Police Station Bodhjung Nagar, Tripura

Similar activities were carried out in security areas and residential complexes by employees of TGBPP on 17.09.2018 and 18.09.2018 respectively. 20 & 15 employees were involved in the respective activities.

--

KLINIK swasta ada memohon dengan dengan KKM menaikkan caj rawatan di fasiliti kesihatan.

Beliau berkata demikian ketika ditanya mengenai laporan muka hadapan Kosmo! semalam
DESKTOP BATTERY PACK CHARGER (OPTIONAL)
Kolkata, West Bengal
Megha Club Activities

■ **What to work on**:
Set down, from the entries above, exactly the lines from the one with "KLINIK swasta ada" up to and including the one with "Megha Club Activities", and no other lines.

■ **Expected answer**:
KLINIK swasta ada memohon dengan dengan KKM menaikkan caj rawatan di fasiliti kesihatan.

Beliau berkata demikian ketika ditanya mengenai laporan muka hadapan Kosmo! semalam
DESKTOP BATTERY PACK CHARGER (OPTIONAL)
Kolkata, West Bengal
Megha Club Activities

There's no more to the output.